WHAT THE TASK REQUIRES:
Give back all of the data exactly, with every picture omitted.

DATA PROVIDED:
⟨

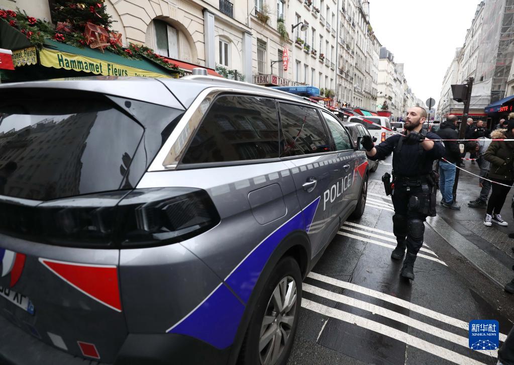 12月23日,警察在法國(guó)巴黎發(fā)生槍擊事件的街口警戒。
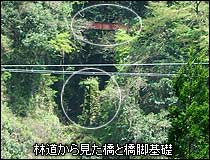 おそらくガーター橋が架けられる以前は木製の橋で、そのときに橋脚の基礎として使われていたと推測できる。このほかにもすぐ隣に石組みの橋台と思われる痕跡や、コンクリートの構造物などが複数残っており、以前は違う形態の橋が架かっていたことを裏付けている。ちなみにこの橋から内大臣林道がよく見える。ということは向こうからもよく見えるはずだ。帰りに内大臣林道側からこの橋を探してみたら簡単に見つけることができた。 |
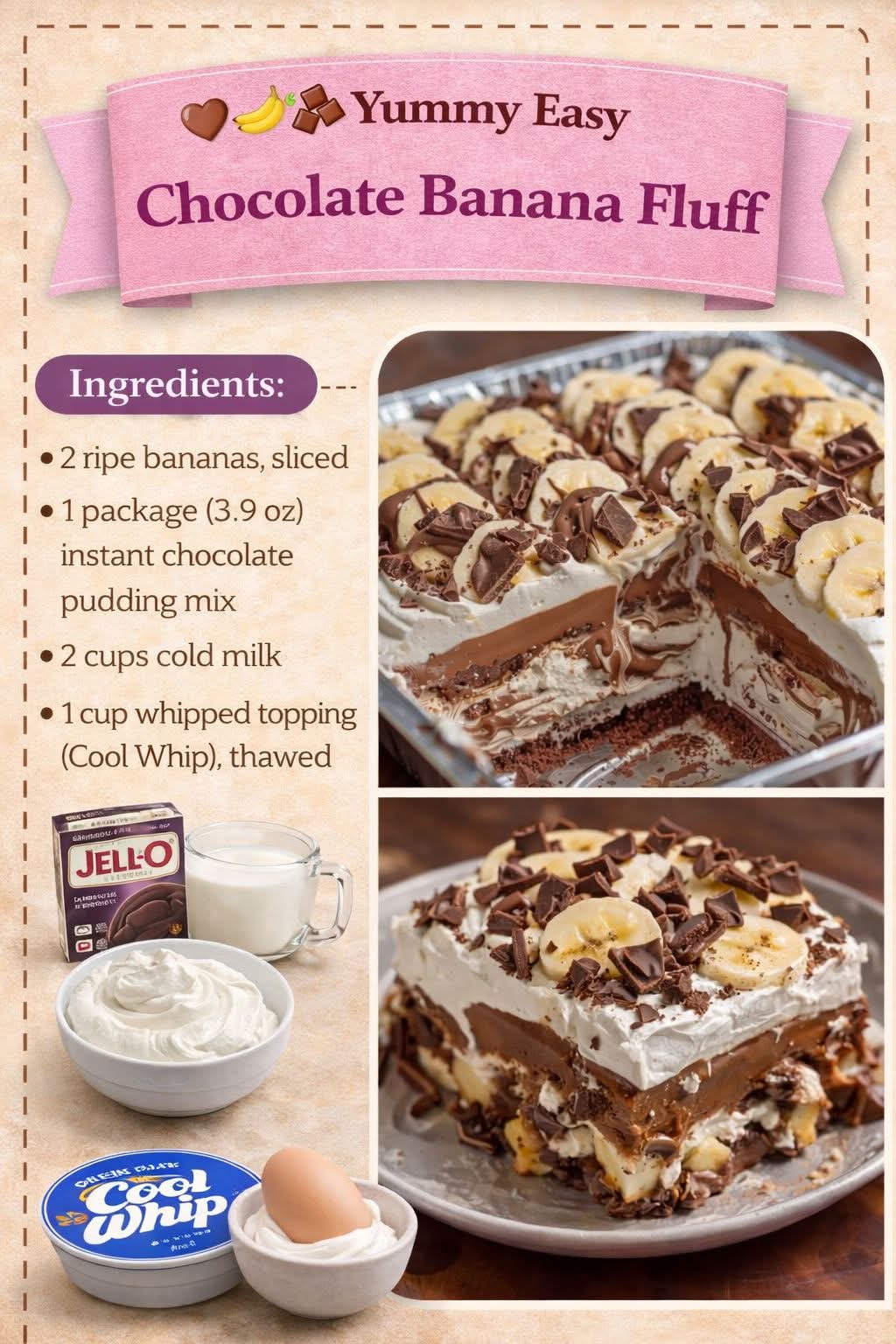 “Fluff” desserts became popular in mid-20th century American kitchens, especially with the rise of instant pudding mixes and ready-made whipped toppings. These desserts were loved for their simplicity, affordability, and ability to feed a crowd. Chocolate Banana Fluff is a modern twist inspired by classic banana pudding and chocolate mousse, combining both flavors into one easy dish.

⟩

ANSWER TO THE PROBLEM:
 12月23日,警察在法國(guó)巴黎發(fā)生槍擊事件的街口警戒。
 おそらくガーター橋が架けられる以前は木製の橋で、そのときに橋脚の基礎として使われていたと推測できる。このほかにもすぐ隣に石組みの橋台と思われる痕跡や、コンクリートの構造物などが複数残っており、以前は違う形態の橋が架かっていたことを裏付けている。ちなみにこの橋から内大臣林道がよく見える。ということは向こうからもよく見えるはずだ。帰りに内大臣林道側からこの橋を探してみたら簡単に見つけることができた。 |
 “Fluff” desserts became popular in mid-20th century American kitchens, especially with the rise of instant pudding mixes and ready-made whipped toppings. These desserts were loved for their simplicity, affordability, and ability to feed a crowd. Chocolate Banana Fluff is a modern twist inspired by classic banana pudding and chocolate mousse, combining both flavors into one easy dish.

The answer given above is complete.